Der Kurvenstar
15. April 2003Von seiner traumhaften Wohnung mit Meeresblick in Rio de Janeiro aus arbeitet der 95-jährige Oscar Niemeyer, unbeeindruckt von den mehr als 500 Projekten, die er im Laufe seines langen Lebens weltweit entworfen hat. Für die Serpentine Gallery in London entwickelt er gerade einen Pavillon, in Ravello, Lissabon und Oslo entstehen Bauten mit seiner Signatur.
Vom Ruhestand will der Architekt, der Brasilia entworfen und zusammen mit dem Stadtplaner Lucio Costa in weniger als 4 (!) Jahren gebaut hat, nichts wissen. Der 1907 in Rio de Janeiro geborene Oscar Niemeyer gilt vielen als letzter lebender Großmeister der modernen Architekturgeschichte.
Nach Stationen in São Paulo, Rio de Janeiro, Buenos Aires, Lissabon, Paris und Brüssel zeigt nun das Deutsche Museum für Architektur (DAM) in Frankfurt am Main bis zum 11. Mai die Retrospektive "Oskar Niemeyer - eine Legende der Moderne".
Nicht nur Brasilia
Die Ausstellung zeigt Modelle der Schlüsselwerke Niemeyers, darunter die Regierungspaläste Brasilias, die Universität von Constantine in Algerien, der Haupsitz des Mondadori-Verlages in Turin und das Kulturzentrum von Le Havre an der französischen Kanalküste.

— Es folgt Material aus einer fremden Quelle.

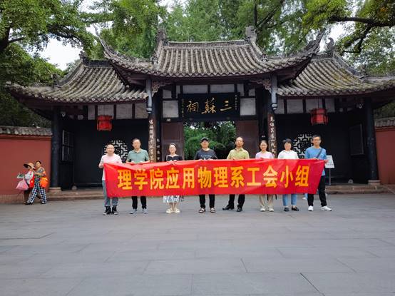 凝心聚力,温暖前行。为缓解教师们的工作压力、增进交流、提高系里教师凝聚力,增强集体荣誉感,建立积极、奋发、团结、和谐的物理系教学科研团队,6月25日,应用物理系工会小组在眉山三苏祠开展了本学期的工会小组活动。物理系教师们追随习近平总书记的脚步,参观了三苏祠的各个展馆,深入了解三苏父子的生平事迹、文学艺术、思想境界和社会影响。通过认真领悟三苏廉政文化、家风家训文化,切实感受和学习了三苏“读书正业、孝慈仁爱、非义不取、为政清廉”的家风精髓,领略三苏家训家风的浩然正气和独特魅力,大家对三苏家风有了更深的理解和认识。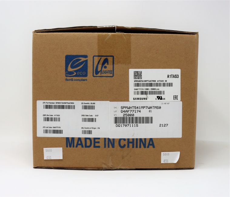 Ten as new reels of 2500 Samsung SPMWHT541MP7WATMS0 White Neutral 4000K 2.95V 65mA 120° 4-SMD Flat Lead LEDs (Boxed, packaging sealed. Inspection sheet included).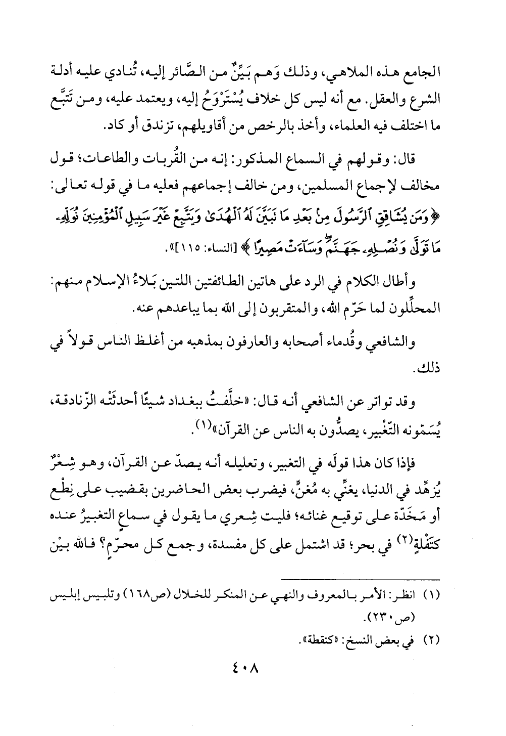 وقد تواتر عن الشافعي أنه قال: "خلَّفتُ ببغداد شيئًا أحدثَتْه الزّنادقة، يُسَمّونه التغْبير، يصدُّون به الناس عن القرآن" (¬1).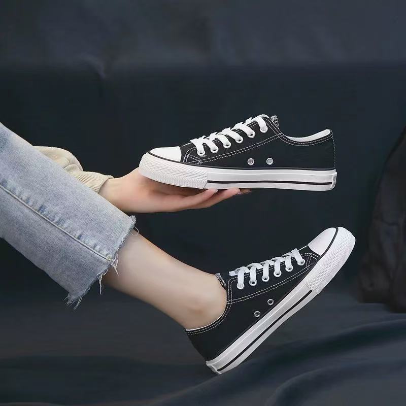 帆布鞋 女百搭学生休闲运动鞋 女2025新款 透气黑色板鞋 夏季 环球经典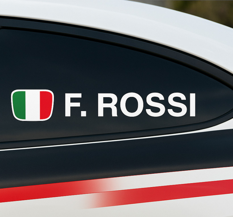 Reference: A54619Introducing our Car sticker personalized name design with italian flag, a vibrant and stylish way to express your personality! This eye-catching design features the iconic Italian flag, seamlessly integrated with your personalized name, creating a unique statement piece for your vehicle. The high-quality vinyl is made with a satin finish that not only enhances color intensity but also prevents glare, ensuring a visually appealing look from every angle. With a durability of about 8-10 years, this product is resistant, washable, and perfect for any flat surface!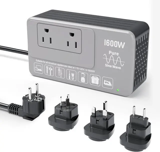 Easily convert 220250V to a st 120V pure sine waveideal for safely using U. S. appliances (110120V, up to 1600W) while traveling abroad. Comes with 4 international plug adapters for use in 160+ countries. Built-in advanced safety protections and sm fault detection ensure long-lasting reliability. No fuse replacement needed. Compact, powerful, and backed by a 2-year warranty.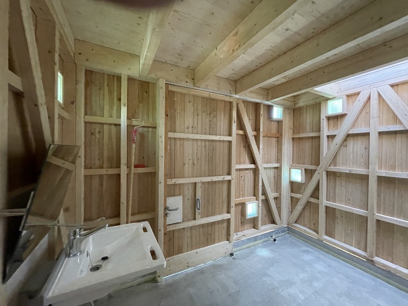 Der Toilettenraum erhält durch offengelassene Strukturen eine besondere, gemütliche Ästhetik.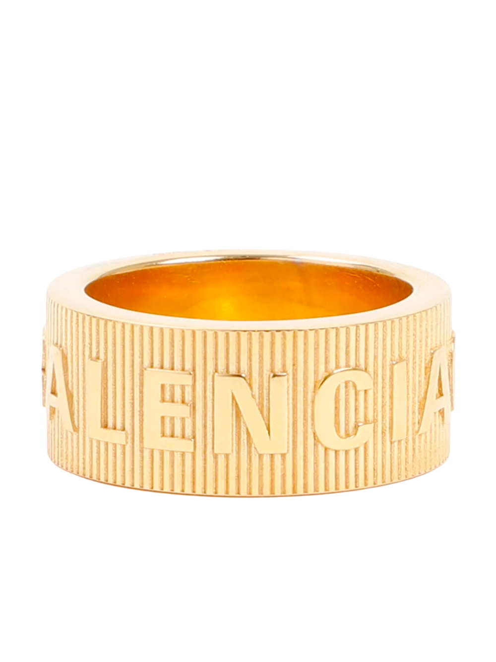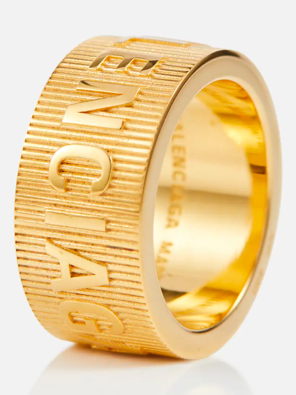 خاتم بالنسياغا مصنوع من الفضة الإسترلينية باللون الذهبي مع سطح محفور وشعار محفور.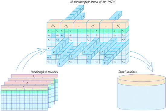 The authors in [1] present a mathematical transformation of the classic morphological model into a fuzzy rule base for evaluating, controlling, and forecasting the energy efficiency of vehicles. This transformation cannot be implemented for the TrEECS 3D model. A solution to this issue is the use of the TrEECS object database. The optimal configuration of the system can be determined by solving the optimization problem according to the criterion of energy efficiency of the vehicle (Figure 5)

Die erste Etage des Museum ist ganz der fotografischen Dokumentation seiner Arbeiten gewidmet. Hier sind die jüngsten Projekte Niemeyers zu sehen, darunter die Aufsehen erregenden Museen in Niterói bei Rio und in Curitiba, deren Formen an ein Ufo oder auch an ein riesiges Auge erinnern.
Expression statt nackter Funktionalismus
Architektur ist für Niemeyer, anders als für seinen rein funktionalistischen Kollegen Le Corbusier, vor allem expressive und plastische Kunst. Geprägt von der Berg- und Flusslandschaft Brasiliens und die fast beliebige Formbarkeit des Betons ausnützend, hat Niemeyer eine plastische Formensprache entwickelt. Damit hat er sich als einer der wenigen Architekten der Moderne vom Dogma des rechtwinkligen Rasters, oder - wie Niemeyer selbst sagt — von der "technischen Logik" befreit. Die Kurve fasziniert ihn: "Die Kurve ist die Natur: Berge, Körper, Wasser. Alles fließt. Und man darf die Natur nicht immer überall gegen rechte Winkel rennen lassen. In meinem Haus, das ich mir 1953 über den Hügeln von Rio entwarf, habe ich den Pool um den Felsen herumgebaut, das Haus schwingt sich in den dichten Wald hinein. Die Natur kommt ins Haus, das Haus umfasst die Natur", sagte der letzte lebende Großmeister der modernen Architektur in einem Interview für den Ausstellungskatalog.
In Deutschland hat Niemeyer nur ein einziges Projekt realisiert: Das Wohnhaus für die Berliner Internationale Bauausstellung (1957) im Hansaviertel. Der lang gestreckte Bau wird von V-förmigen Stützen getragen - "Schottenhaus" nennt man diese Bauart in der Fachsprache.
Der Futurismus kommt wieder
In den 1960er- und 1970er-Jahren redeten manche abschätzig von Niemeyers "Manierismus". Doch die Kritik ist mittlerweile vor allem Bewunderung gewichen. Das aktuelle Design holt sich seine Inspiration in der Vergangenheit. Der Architekturkritiker Niklas Maak beschreibt das Phänomen so: "Die Retortenstadt Brasilia, die jahrzehntelang als Babylon einer hybriden, technokratischen und unmenschlichen Moderne verteufelt wurde, ist binnen weniger Jahre zum Mekka einer neuen Bewegung geworden, die weit über die Architektur hinaus die Ästhetik der Gegenwart prägt: Man könnte sie den Retrofuturismus nennen."